CANTON, MASS. — More customers visited Dunkin’ Donuts during the company’s third quarter, but executives at parent Dunkin’ Brands Group, Inc. were not satisfied. A sluggish economy and “the sheer weight of competition” in breakfast stifled growth at the donut and coffee chain, which reported a below-expectations increase of 2% in comparable store sales in the United States during the period.

“We’re disappointed with our performance relative to where we thought we would be, coming into the year,” said Nigel Travis, chairman and chief executive officer, during an Oct. 23 call with financial analysts to discuss third-quarter earnings. “And as we look into 2015, we’re targeting 2% to 4% growth for Dunkin’ Donuts U.S. comps, indicating that while we don’t expect things to get worse, there’s still significant uncertainty on the macroeconomic front, and the breakfast and beverage space will continue to be highly competitive.”

Net income for the third quarter ended Sept. 27 increased 36% to $54.7 million, equal to 52c per share on the common stock, which compared with $40.2 million, or 38c per share, in the prior-year period. Revenues climbed 3.4% to $192.6 million from $186.3 million the year before.
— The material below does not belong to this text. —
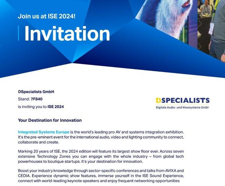 From 30 January to 02 February 2024, we will be taking part again in Integrated Systems Europe (ISE) in Barcelona. ISE is the world’s most visited… Weiterlesen »DSPECIALISTS Digitale Audio- und Messsysteme GmbH at Integrated Systems Europe Barcelona 2024 (Messe | Barcelona)

“We’re now building share in a much softer Q.S.R. market and particularly one where the central core of Q.S.R. is more competitive,” said John Costello, president, global marketing and innovation for Dunkin’ Brands. “It’s more just everybody jumping into that sector with increased price discounting.”

Beverages and breakfast sandwiches drove sales at Dunkin’ Donuts, which during the quarter reintroduced a breakfast burrito and spicy smoked sausage breakfast sandwich and launched a chicken biscuit in several markets. Set to debut in the coming months is a new Angus steak sandwich platform and holiday seasonal items, plus “one or two other extra surprising things that we’re also excited about,” Mr. Travis said. Innovation, he added, is one of several competitive advantages for the company.

Noted Mr. Costello: “If we were losing share, I think we’d be more concerned, but I think we understand what’s going on with the consumer. We understand what kind of products they want. We understand what they’re looking for. While Q3 comps were disappointing, we remain encouraged about the fundamental positioning and the appeal of our products and our general customer proposition.”

Dunkin’ Brands also remains focused on domestic and international expansion. During the quarter, the company added 197 net new restaurants worldwide, including 120 new Dunkin’ Donuts units in the United States.

At Baskin-Robbins U.S., comparable store sales grew 5.8% during the quarter. A free waffle cone promotion and a new on-line cake ordering platform boosted results at the ice cream chain.